A vision for ‘eliminating cancer’
“This approval of Janssen’s first cell therapy is a testament to our continuing commitment in oncology to deliver new therapeutic options and drive toward our vision of the elimination of cancer,” Mathai Mammen, executive vice president of pharmaceuticals at Janssen R&D and Johnson & Johnson said. “Today’s approval underscores our determination to develop therapies that can help patients living with what remains an intractable blood cancer today and at the same time offer hope for the future.”
The response to the study, and the 18-month follow up to monitor patients longer term, showed the treatment has durability over time, Sundar Jagnnath, director of the centre of excellence for multiple myeloma and principal study investigator said, adding that the approval of the treatment provides an opportunity for therapy that can let patients live myeloma-free for a period of time.
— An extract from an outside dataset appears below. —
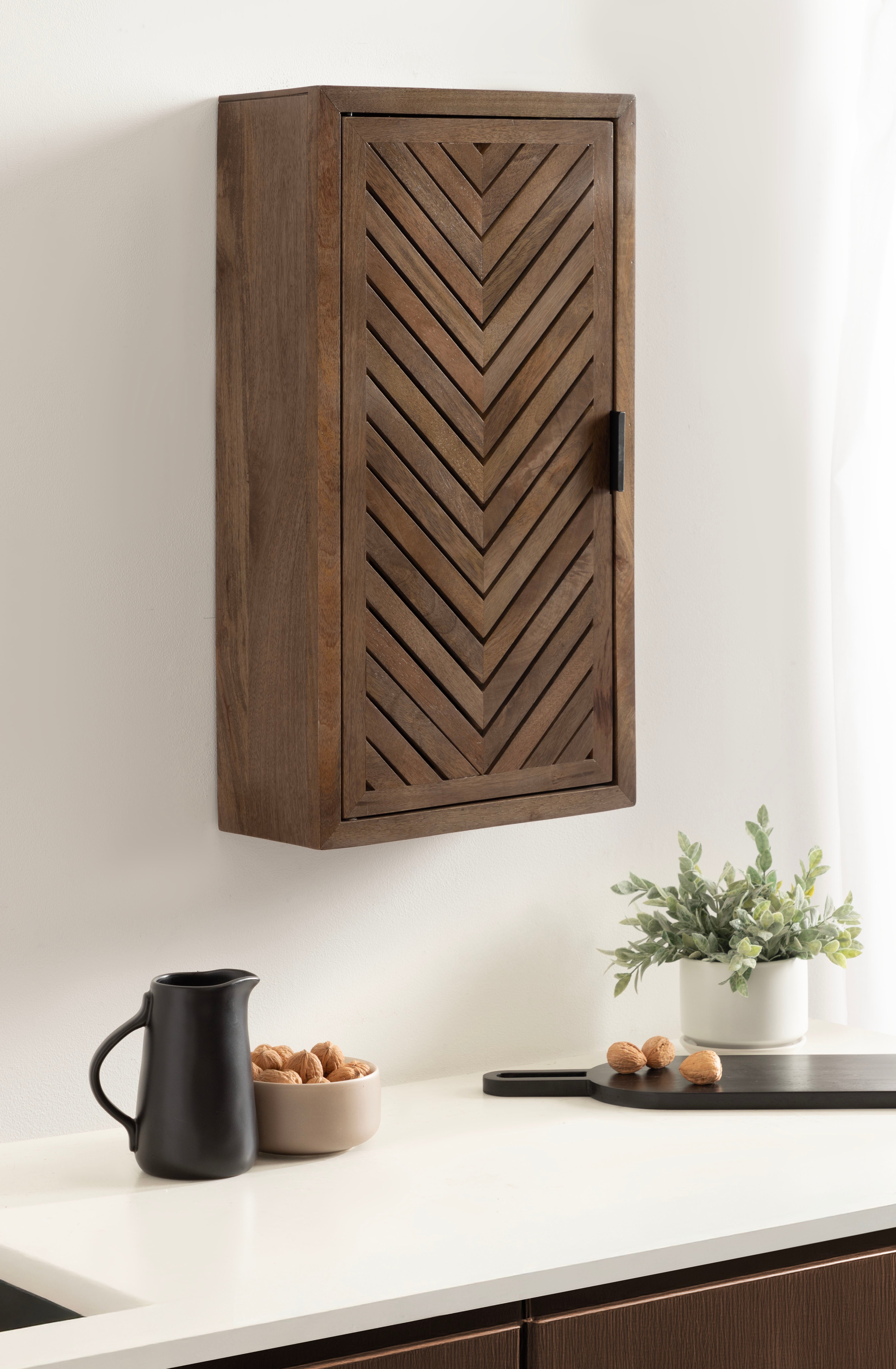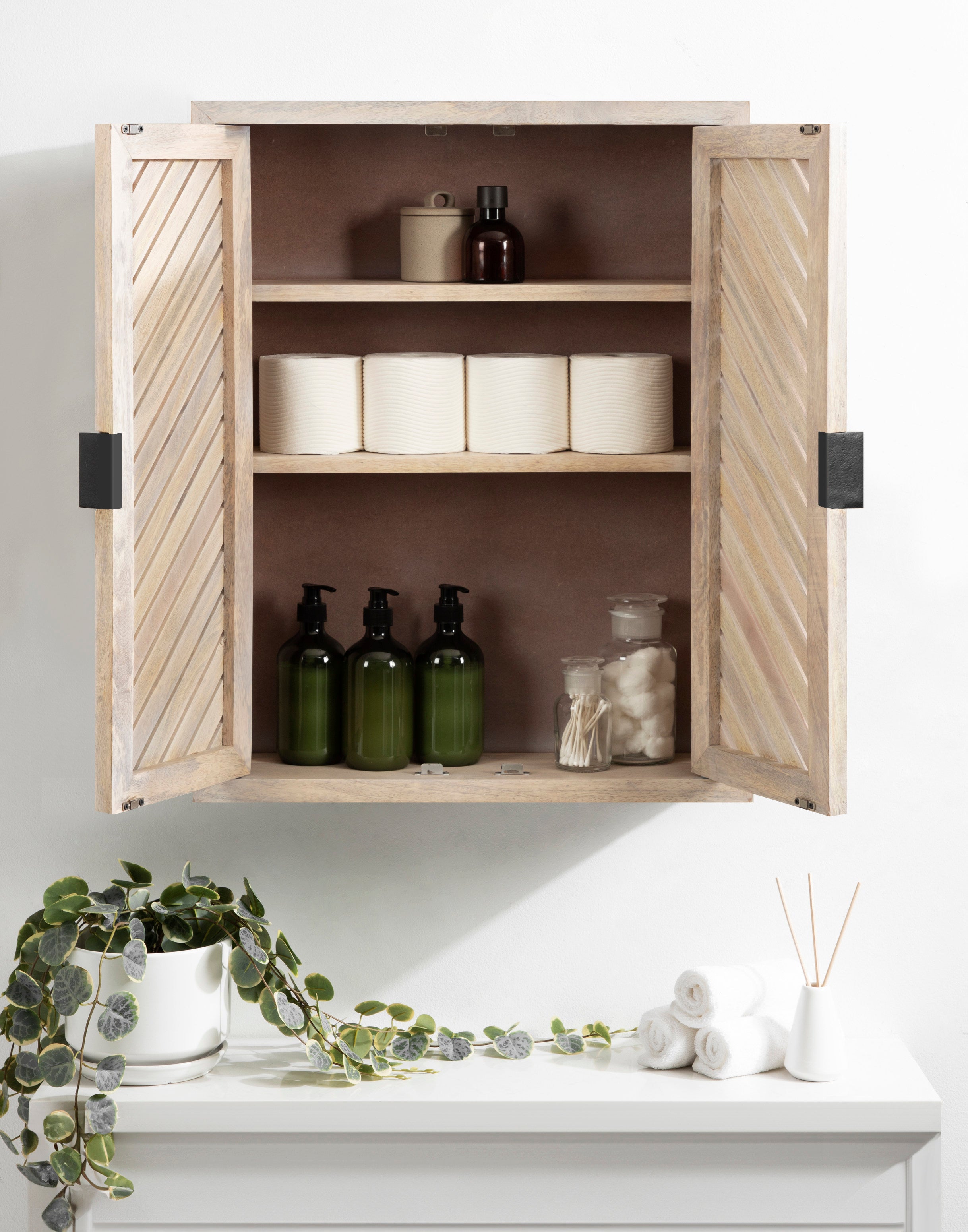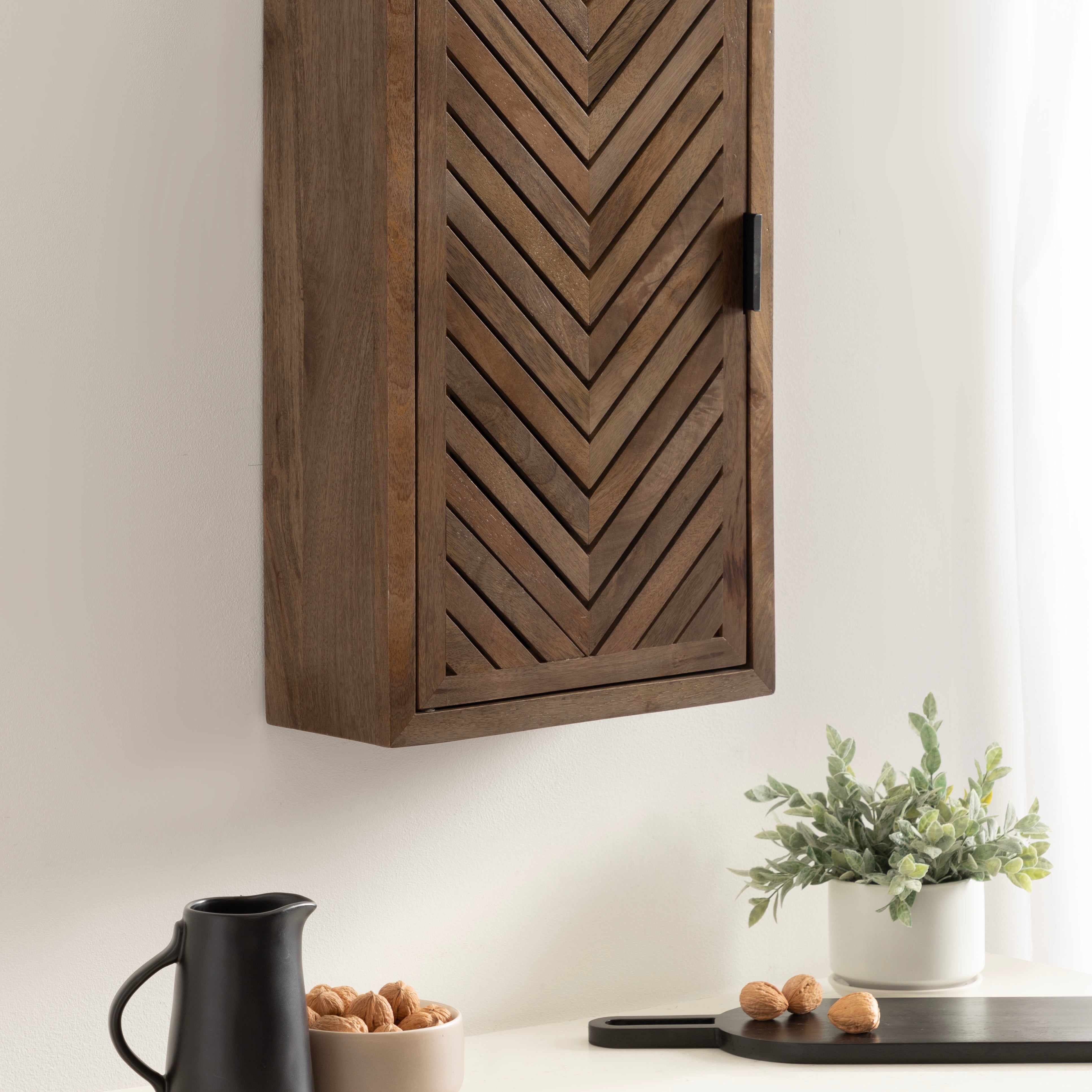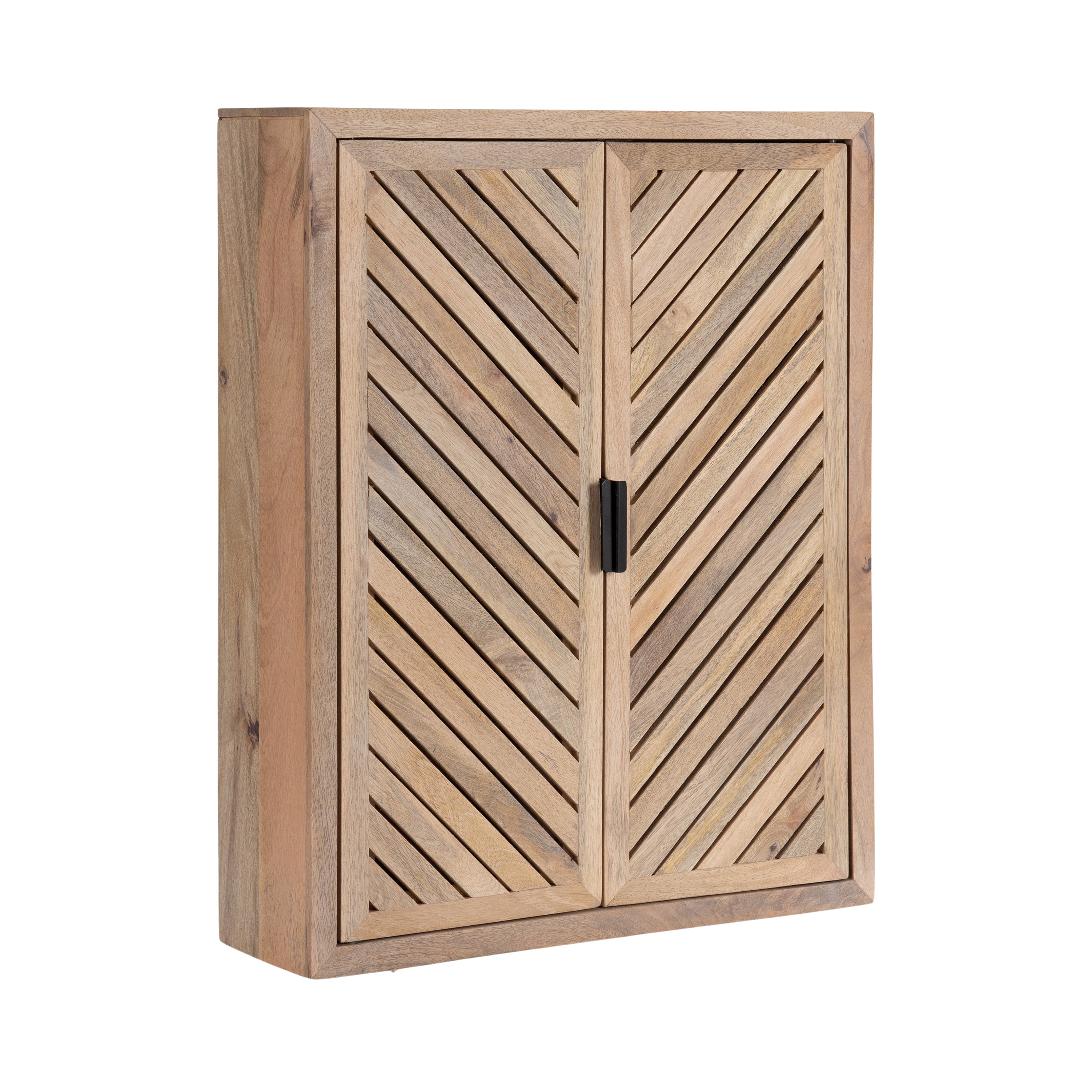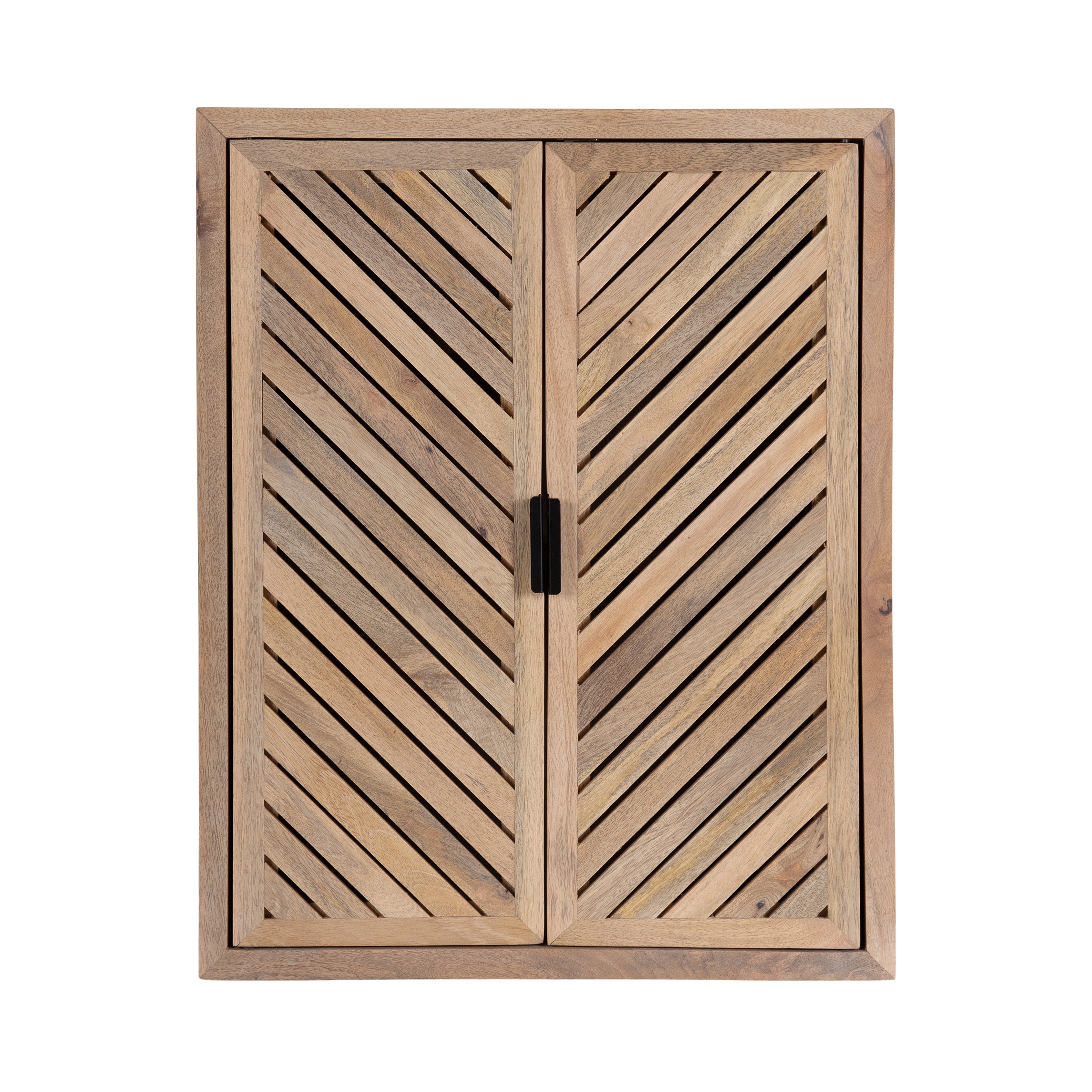 Store bathroom items, kitchen must-haves, small books, and more in this organic modern-inspired wall cabinet from Kate and Laurel. The Mezzeta cabinet has a mango wood composition, constructed in India by artisans and crafted by hand to give it a one-of-a-kind look and construction. The chevron arrows and black metal pulls also elevate this minimal modern design to blend into any boho decor. The Mezzeta cabinet is fantastic for housing your books, towels, and other everyday essentials, or you can use it as a functional space for small plates, mugs, and cups. Due to its size, the Mezzeta wall cabinet is perfect for use in a bedroom, living room, or bathroom as extra above-toilet storage. Your items will be secure thanks to the doors kept closed by magnetic clasps. The Mezzeta wall cabinet hangs on your wall in a matter of seconds, thanks to the metal Z-brackets that are securely attached to the back of the wooden frame.

Researchers are still looking into the long-term efficacy and safety of the treatment to determine how effective it will be in the future, though a 22-month follow up found that 83 per cent of patients were still responding positively.
Multiple myeloma is an incurable blood cancer caused by a buildup of abnormal plasma cells, or white blood cells that make antibodies, in bone marrow, according to the Canadian Cancer Society. The disease makes it difficult for the bone marrow to develop, which can cause anemia and fatigue due to a reduced amount of red blood cells. Multiple myeloma can also cause bone tumours. Despite some treatments being available, the five-year survival rate for multiple myeloma is 54 per cent.
Most myeloma patients (male and female) are diagnosed between 70 to 80 years of age, reports Myeloma Canada — people under the age of 45 make up just four per cent of those diagnoses.
It is estimated that in 2021, 3,800 Canadians were diagnosed with multiple myeloma — 2,300 men and 1,500 women, the Canadian Cancer Society reports. Additionally, 1,600 of the 3,800 diagnosed are estimated to have died.
Chris Arnold is a Toronto-based writer.